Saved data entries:
..........

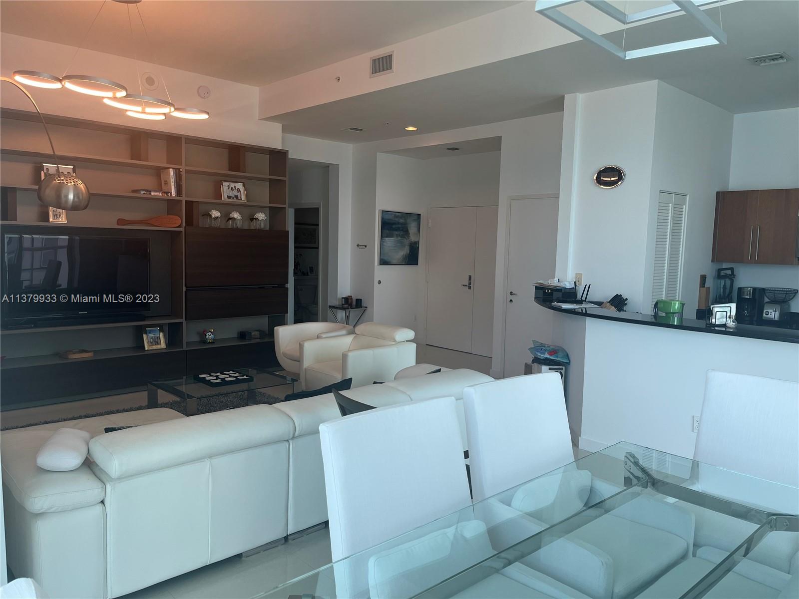 Beautiful Penthouse in the desirable MET 1 building with stunning panoramic views of the Bay/Ocean/South Beach and beyond. The double door entry opens to a spacious living room, dining area and wonderful ocean views. The unit has porcelain floors, This unit has high ceilings throughout. The open kitchen is spacious, well equipped and perfect for entertaining. Enjoy ocean breezes, amazing sunrises, passing boats, city lights, and more from the wraparound balcony. Met 1 Condo has amazing amenities : Gym, Pool, Sauna, Media room, restaurant, cinemas and shops in the area, steps away from Whole Foods, Silver Spot Cinema, Metro mover and more. Vacant unit. Easy to show.Great investment opportunity.
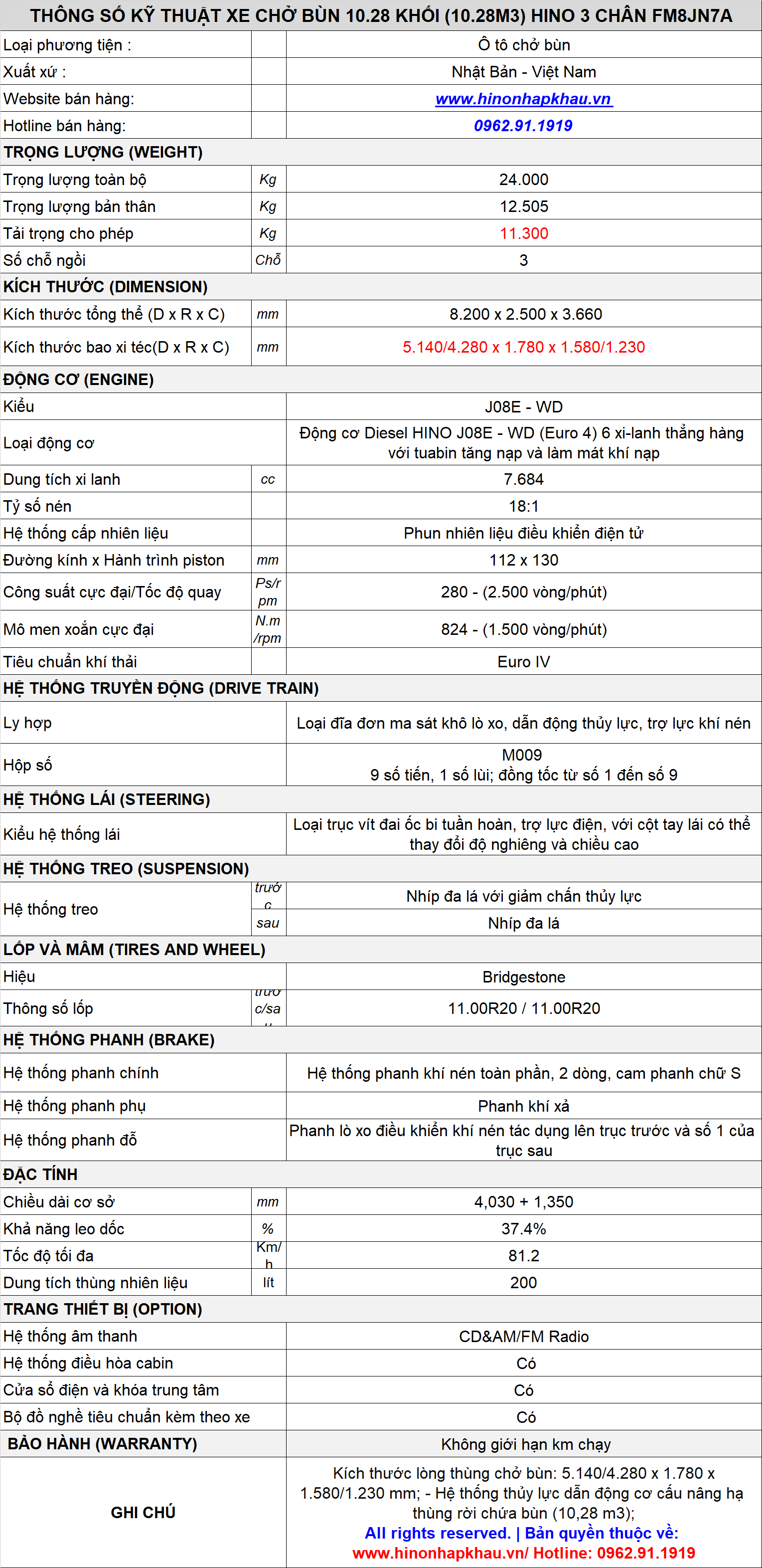 Với thương hiệu và chất lượng đã được khẳng định trên thị trường Việt Nam cũng như trên toàn thế giới, cùng với dịch vụ chăm sóc hậu mãi sau bán hàng, dịch vụ bảo dưỡng, chăm sóc uy tín chất lượng cao. Ô TÔ CHỞ BÙN 10.28 KHỐI FM8JN7A E.4 luôn luôn là " Sự lựa chọn hoàn hảo " cho tất cả mọi Khách hàng.
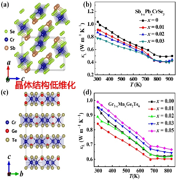 图三:极低热导率热电材料:Sb1-xPbxCrSe3和Cr2-xPbxGe2Te6。
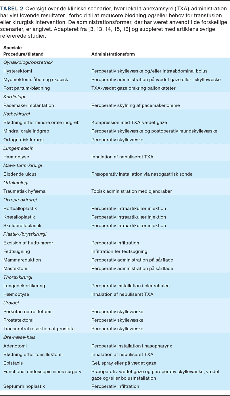 På grund af bekymring for bivirkninger ved systemisk administration har lokal TXA-administration været undersøgt med lovende resultater i en række forskellige specialer og indgreb (Tabel 2).
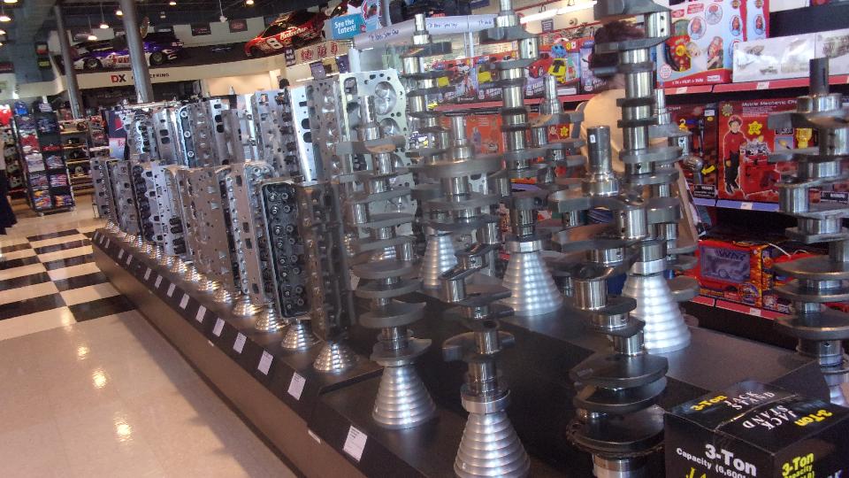 Last stop for the day would be Summit Racing in Tallmadge, OH. There are several of these stores across the nation, favorite haunt of the lead-footed racer types. I wanted to ask if they had tune-up parts for my Mallory Dual Points distributor (now spare), but lines were too ling at the counters, so skip it this time.

..........

> _TASK TO COMPLETE_:
A verbatim copy of every entry is wanted; the pictures stay out of it.

> _SOLUTION_:
 Beautiful Penthouse in the desirable MET 1 building with stunning panoramic views of the Bay/Ocean/South Beach and beyond. The double door entry opens to a spacious living room, dining area and wonderful ocean views. The unit has porcelain floors, This unit has high ceilings throughout. The open kitchen is spacious, well equipped and perfect for entertaining. Enjoy ocean breezes, amazing sunrises, passing boats, city lights, and more from the wraparound balcony. Met 1 Condo has amazing amenities : Gym, Pool, Sauna, Media room, restaurant, cinemas and shops in the area, steps away from Whole Foods, Silver Spot Cinema, Metro mover and more. Vacant unit. Easy to show.Great investment opportunity.
 Với thương hiệu và chất lượng đã được khẳng định trên thị trường Việt Nam cũng như trên toàn thế giới, cùng với dịch vụ chăm sóc hậu mãi sau bán hàng, dịch vụ bảo dưỡng, chăm sóc uy tín chất lượng cao. Ô TÔ CHỞ BÙN 10.28 KHỐI FM8JN7A E.4 luôn luôn là " Sự lựa chọn hoàn hảo " cho tất cả mọi Khách hàng.
 图三:极低热导率热电材料:Sb1-xPbxCrSe3和Cr2-xPbxGe2Te6。
 På grund af bekymring for bivirkninger ved systemisk administration har lokal TXA-administration været undersøgt med lovende resultater i en række forskellige specialer og indgreb (Tabel 2).
 Last stop for the day would be Summit Racing in Tallmadge, OH. There are several of these stores across the nation, favorite haunt of the lead-footed racer types. I wanted to ask if they had tune-up parts for my Mallory Dual Points distributor (now spare), but lines were too ling at the counters, so skip it this time.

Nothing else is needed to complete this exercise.